Start of Extracted records
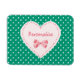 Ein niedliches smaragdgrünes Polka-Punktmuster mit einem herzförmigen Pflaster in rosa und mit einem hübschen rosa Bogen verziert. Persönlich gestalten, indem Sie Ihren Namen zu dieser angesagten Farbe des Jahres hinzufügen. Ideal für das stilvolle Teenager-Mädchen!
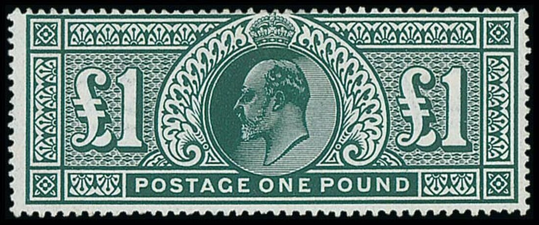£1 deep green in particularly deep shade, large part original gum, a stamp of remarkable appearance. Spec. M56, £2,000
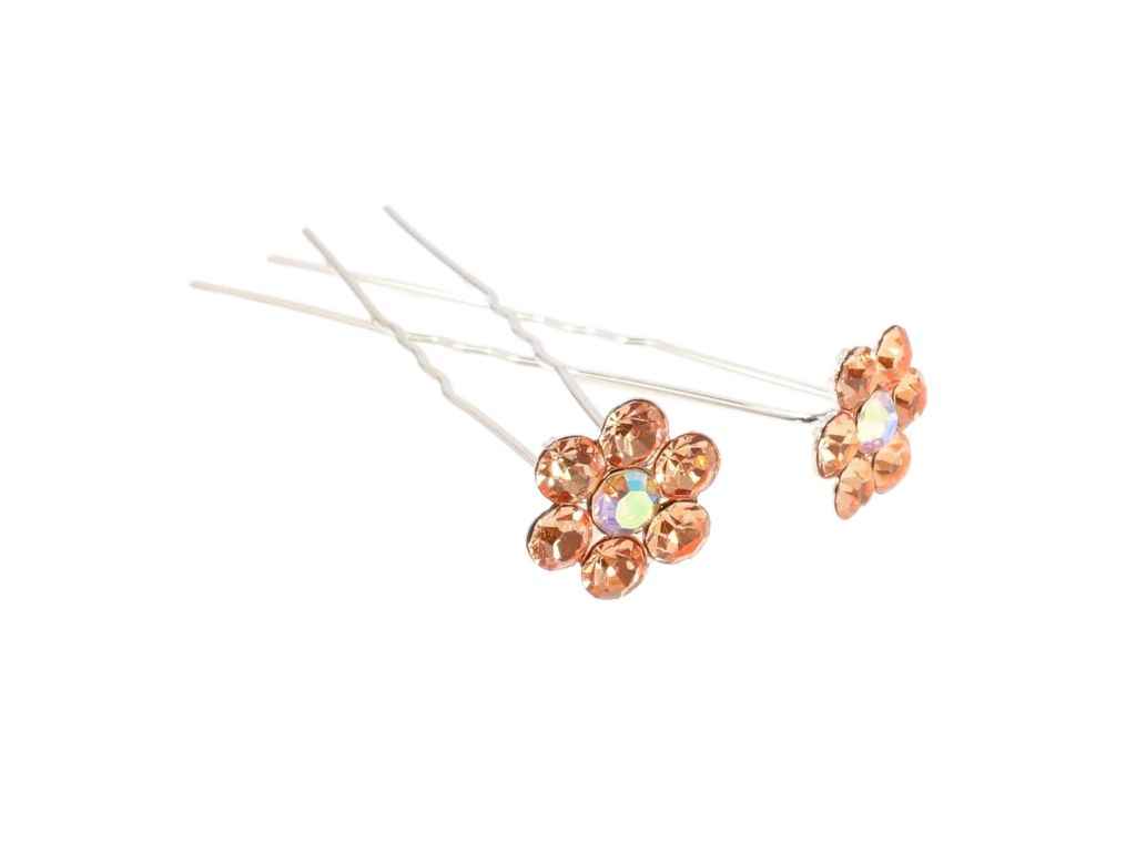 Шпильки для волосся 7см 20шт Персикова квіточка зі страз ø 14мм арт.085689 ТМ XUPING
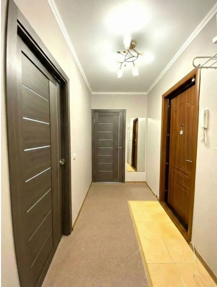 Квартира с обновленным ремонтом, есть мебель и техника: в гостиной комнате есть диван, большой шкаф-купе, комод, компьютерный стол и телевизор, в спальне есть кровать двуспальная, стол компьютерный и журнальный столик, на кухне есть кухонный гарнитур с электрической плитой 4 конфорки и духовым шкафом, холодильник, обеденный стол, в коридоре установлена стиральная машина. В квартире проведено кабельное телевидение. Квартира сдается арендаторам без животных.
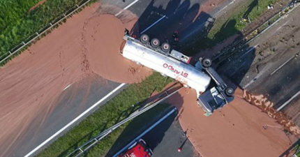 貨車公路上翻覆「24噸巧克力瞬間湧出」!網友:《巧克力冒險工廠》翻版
End of Extracted records
> [What needs to be done]
What you give back must match the lines from the start of the records through the line that contains "Шпильки для волосся", exactly, with the pictures left out.

> [Output of the task]
 Ein niedliches smaragdgrünes Polka-Punktmuster mit einem herzförmigen Pflaster in rosa und mit einem hübschen rosa Bogen verziert. Persönlich gestalten, indem Sie Ihren Namen zu dieser angesagten Farbe des Jahres hinzufügen. Ideal für das stilvolle Teenager-Mädchen!
£1 deep green in particularly deep shade, large part original gum, a stamp of remarkable appearance. Spec. M56, £2,000
 Шпильки для волосся 7см 20шт Персикова квіточка зі страз ø 14мм арт.085689 ТМ XUPING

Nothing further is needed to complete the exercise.